** SUPPLIED MATERIAL follows **

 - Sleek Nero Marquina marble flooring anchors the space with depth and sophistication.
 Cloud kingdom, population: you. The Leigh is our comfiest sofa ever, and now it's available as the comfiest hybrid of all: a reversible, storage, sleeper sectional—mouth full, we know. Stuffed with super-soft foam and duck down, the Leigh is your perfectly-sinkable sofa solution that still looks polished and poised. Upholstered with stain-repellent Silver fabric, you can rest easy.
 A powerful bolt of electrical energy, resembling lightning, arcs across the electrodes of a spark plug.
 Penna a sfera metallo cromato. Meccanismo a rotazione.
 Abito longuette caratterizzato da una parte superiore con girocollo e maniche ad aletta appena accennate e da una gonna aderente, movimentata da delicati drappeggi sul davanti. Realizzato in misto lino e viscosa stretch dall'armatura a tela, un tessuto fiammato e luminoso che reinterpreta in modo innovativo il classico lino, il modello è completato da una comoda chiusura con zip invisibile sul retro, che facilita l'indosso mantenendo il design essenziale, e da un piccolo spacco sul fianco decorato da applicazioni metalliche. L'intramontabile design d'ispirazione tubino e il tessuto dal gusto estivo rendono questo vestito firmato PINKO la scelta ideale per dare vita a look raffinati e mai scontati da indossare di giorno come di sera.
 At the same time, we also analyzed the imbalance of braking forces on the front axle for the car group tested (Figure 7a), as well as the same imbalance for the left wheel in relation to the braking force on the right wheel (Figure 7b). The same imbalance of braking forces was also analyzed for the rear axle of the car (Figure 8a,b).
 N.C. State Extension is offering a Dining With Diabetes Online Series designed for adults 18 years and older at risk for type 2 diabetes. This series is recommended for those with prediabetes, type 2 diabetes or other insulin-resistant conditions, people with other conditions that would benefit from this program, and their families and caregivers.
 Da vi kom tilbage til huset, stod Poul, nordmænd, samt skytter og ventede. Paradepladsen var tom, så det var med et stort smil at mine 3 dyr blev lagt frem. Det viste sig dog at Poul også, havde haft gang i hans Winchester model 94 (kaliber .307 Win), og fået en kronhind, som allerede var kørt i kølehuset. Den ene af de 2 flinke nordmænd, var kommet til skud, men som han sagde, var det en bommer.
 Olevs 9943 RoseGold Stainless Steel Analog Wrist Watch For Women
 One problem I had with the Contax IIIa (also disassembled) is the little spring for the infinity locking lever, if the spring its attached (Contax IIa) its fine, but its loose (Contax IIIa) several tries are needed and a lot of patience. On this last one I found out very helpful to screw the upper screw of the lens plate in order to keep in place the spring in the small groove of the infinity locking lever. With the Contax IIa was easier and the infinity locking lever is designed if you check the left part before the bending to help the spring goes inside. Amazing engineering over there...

** End of SUPPLIED MATERIAL **

■ YOUR GOAL ■
Copy out the lines above with "that" in them.

■ WORKED SOLUTION ■
 Cloud kingdom, population: you. The Leigh is our comfiest sofa ever, and now it's available as the comfiest hybrid of all: a reversible, storage, sleeper sectional—mouth full, we know. Stuffed with super-soft foam and duck down, the Leigh is your perfectly-sinkable sofa solution that still looks polished and poised. Upholstered with stain-repellent Silver fabric, you can rest easy.
 N.C. State Extension is offering a Dining With Diabetes Online Series designed for adults 18 years and older at risk for type 2 diabetes. This series is recommended for those with prediabetes, type 2 diabetes or other insulin-resistant conditions, people with other conditions that would benefit from this program, and their families and caregivers.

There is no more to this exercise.